Re: JSON-LD requirements

On Jul 3, 2011, at 5:16 PM, glenn mcdonald wrote:

Glenn-I'd like to ask that you be specific in stating your objections
to the points in section 3.1.

OK, I'll go through them and then I'll back up and try to explain where I'm coming from, so it's easier (hopefullly) to understand where I end up.

1. Linked Data is used to express relationships between entities expressed as subject-predicate-object, or entity-attribute-value.
2. A subject is a non-terminal node in a directed graph.

I think by this pair you mean that subject, predicate and object are all singular, as in RDF triples. I believe that for a huge number of data applications, triples are too low-level an abstraction, an assembly language where we need a Java or a Ruby. Instead of breaking the logical nodes and arcs of a graph into triples, I want to see them expressed and transmitted as nodes, each with their arcs.

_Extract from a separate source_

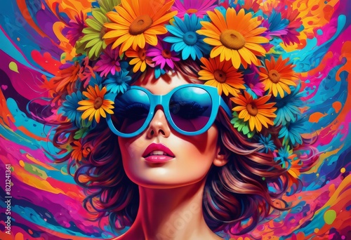 sunglasses, colored background, illustration, flower, female, woman, model, lady, portrait, fashion, trendy, stylish, modern, vibrant, art, digital artwork, creative, artistic, unique, design, graphic, head shot, missy, eyewear, casual attire, cool, hipster, face, abstract, drawing, coiffure, summer, chic, beauty, attractive, expressive, fun, bold, conceptual, fashionable, colourful, hair, goggles, person, style, retro, glamour, people
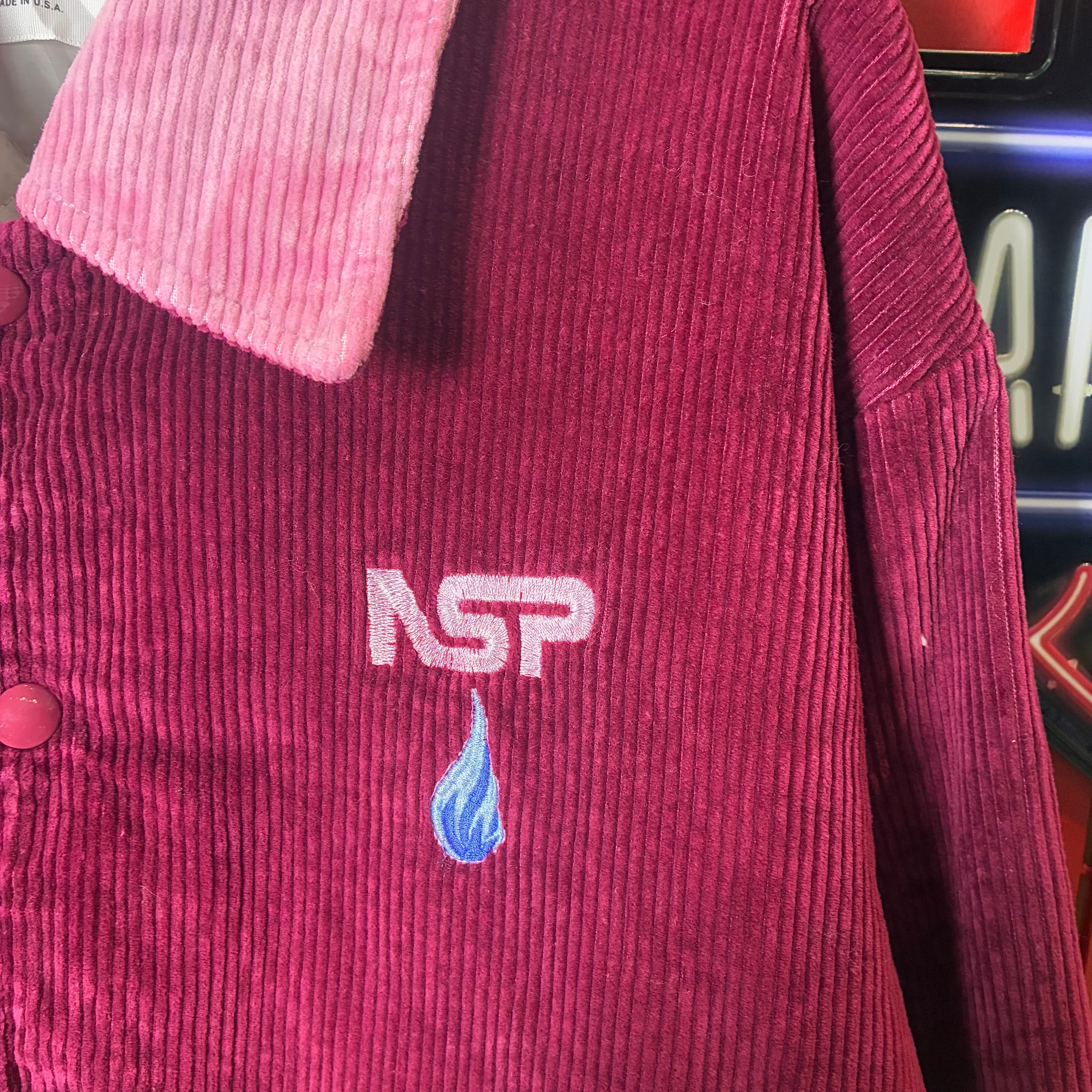 胸元の「NST」ロゴとブルーフレイム刺繍は、アメリカのガス関連企業モノと見られるデザインで、いかにもUSワークカルチャーらしい一着。

Especially in JSON, where the mapping of nodes to JSON objects is both obvious and excellent, I don't want to see any "requirement" that data be decomposed into disconnected triples.

I was trying to be incremental, and in this section (3.1) trying to describe what I take to be the principles of Linked Data, without specific relation to a JSON representation. Note that in 3.2(13), there is specific mention to associating multiple values with an attribute in JSON.

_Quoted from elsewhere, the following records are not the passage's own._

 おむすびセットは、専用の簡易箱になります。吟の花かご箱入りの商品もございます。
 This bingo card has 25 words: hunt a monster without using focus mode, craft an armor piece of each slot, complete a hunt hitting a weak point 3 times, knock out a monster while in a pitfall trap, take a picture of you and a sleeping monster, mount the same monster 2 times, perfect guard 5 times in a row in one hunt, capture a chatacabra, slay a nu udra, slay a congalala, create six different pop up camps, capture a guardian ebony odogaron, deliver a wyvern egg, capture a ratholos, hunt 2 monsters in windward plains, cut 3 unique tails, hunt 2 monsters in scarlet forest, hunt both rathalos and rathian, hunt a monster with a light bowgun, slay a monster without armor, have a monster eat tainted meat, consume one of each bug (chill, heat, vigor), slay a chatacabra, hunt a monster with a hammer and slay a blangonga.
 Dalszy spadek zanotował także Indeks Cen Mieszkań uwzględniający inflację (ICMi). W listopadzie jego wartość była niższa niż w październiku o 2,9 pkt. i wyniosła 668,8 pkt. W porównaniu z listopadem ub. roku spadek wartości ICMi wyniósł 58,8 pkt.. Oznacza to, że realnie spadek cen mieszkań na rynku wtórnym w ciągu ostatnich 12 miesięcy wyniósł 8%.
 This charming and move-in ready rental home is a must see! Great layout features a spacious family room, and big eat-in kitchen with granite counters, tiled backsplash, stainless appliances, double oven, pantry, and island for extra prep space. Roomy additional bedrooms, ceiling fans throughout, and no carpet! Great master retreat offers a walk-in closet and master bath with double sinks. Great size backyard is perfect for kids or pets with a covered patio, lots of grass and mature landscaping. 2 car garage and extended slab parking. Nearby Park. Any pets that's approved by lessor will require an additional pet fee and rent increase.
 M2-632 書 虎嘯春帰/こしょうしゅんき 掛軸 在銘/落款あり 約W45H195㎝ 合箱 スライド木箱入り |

3. A subject may be given a unique identifier represented using a URI.

I say "A node must have a unique identifier, which may be (or may be transformable to) an IRI".

Yes, in JSON.

4. A subject without a URI is scoped to the document in which it is expressed.
5. A subject without a URI is called a Blank Node (or BNode)
6. A BNode may be given an identifier for intra-document referencing.

No, no, no. No blank nodes. All nodes must have IDs. They don't have to have anything else, so they may be "blank" in various human senses, but they are not anonymous to the machine.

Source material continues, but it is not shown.